Jardine: Sad state of Modesto’s Sundial

09/21/2013 4:41 PM

10/28/2013 9:26 PM

You’ll have a difficult time finding anyone who has lived in Modesto pre-1998 and doesn’t remember the old Sundial Restaurant and Lodge fondly.

It became a senior care facility after the Galas family closed its restaurant and lodge that year, and today it’s hard to find anyone who has much good to say about the current management. That includes the state Department of Health Services, which in May slapped the ownership with a list of violations, including one that never would have happened when the Galas family owned the place: not enough food.

This is one of those stories that is sad and infuriating. The seniors deserve quality care, beginning with nutrition. Their families need to know their loved ones are, indeed, getting that care. Instead, an employee said, management cut their hourly pay by $1 upon taking over 23 months ago, and understaffing is commonplace. Some seniors fear having to move, with no family around to help them.

Wednesday night’s dinner, I’m told, consisted of two ravioli and some spinach per person, and a resident told Bee reporter Erin Tracy that the place frequently runs out of bread and other foodstuffs.
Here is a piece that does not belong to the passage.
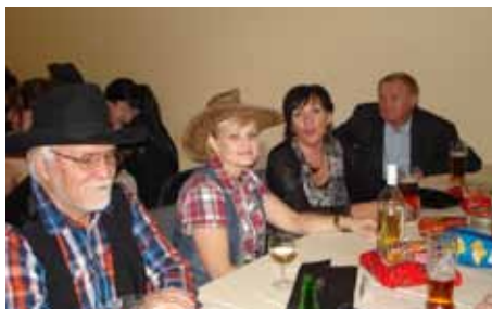
Kolektiv učitelů ZUŠ Kynšperk n.O.

Už máme vymyšlené téma na příští rok a moc se těšíme.

It’s the Sundial in name only, compared with when the Galas family ran it as a hotel and restaurant.

In 1946, Gus and Nora Galas opened a restaurant inside the old Hotel Covell downtown. It became wildly popular, and their clientele included Errol Flynn, Olivia de Havilland and Emperor Haile Selassie. After George Covell died in 1955, his wife, Grace, built the lodge and restaurant out on McHenry Avenue, naming it the Sundial, after the sundial in her garden.

Over the next 40-plus years, it became one of Modesto’s most popular places.

“Modesto will never, ever have a place like this again,” Stu Kurland told The Bee in 1998. “This was more than a restaurant. It was a clubhouse. It was an institution. It was the first place I drove to from college in UCLA, because there was a 90 percent chance my parents would be here.”

Everyone, it seemed, had a fond memory or good story about the place. Mine came in early 1993. Still in sports and covering baseball at the time, I had been at Candlestick Park a few years earlier on the Saturday when former pitcher Vida Blue was married at the pitcher’s mound.

A few weeks after their big day, all of the media who covered the game that day received thank-you cards from Mr. and Mrs. Blue. I jokingly scribbled “Dear Jeff, thanks for the toaster, love, Vida and Peg” on it, and taped it above my desk.

When Vida came to Modesto for a speaking engagement at the Sundial in 1993, I went over to interview him beforehand. During the course of our chat, I mentioned that I’d been at the Stick on his wedding day.

Without missing a beat, he said, “Where’s my toaster?”

The Sundial is where Dan Costa learned the restaurant business before creating his own business empire that included the Velvet Creamery and Mallard’s restaurants.

“I learned from an absolute master. I learned not just about cooking, but about life,” Costa said in a 1998 Bee story. “At the Sundial, I learned to use all my senses as a chef. It was a great experience. I should have been paying the Galases to work there. They were like family to me.”

It’s where business deals were consummated, where cattle were bought and sold, and where families celebrated everything from engagements to wakes.

Sons Stan and Norman Galas, who ran the restaurant and lodge for decades after their parents stepped away, decided to close it in 1998.

Two years later, and after an $8.5 million makeover, it reopened as a senior community. It’s changed hands a few times since, including after a foreclosure in 2005. The current proprietor, Alliance Health Services LLC, took over the operation in October 2011.

A few years ago, I spent a couple of hours visiting with a 102-year-old woman named Vadis Walters. She lived in the Sundial and spoke highly of it, especially since she and her husband called a chicken coop home in Oklahoma after they were married in 1925.

Her secret to a long life – she died a year later, on her 103rd birthday – was a sense of humor and a healthy appetite.

“We didn't have any money,” she told me. “But we always had plenty to eat – as you can tell by looking at me.”

Sadly, it seems, current Sundial residents can’t say the same.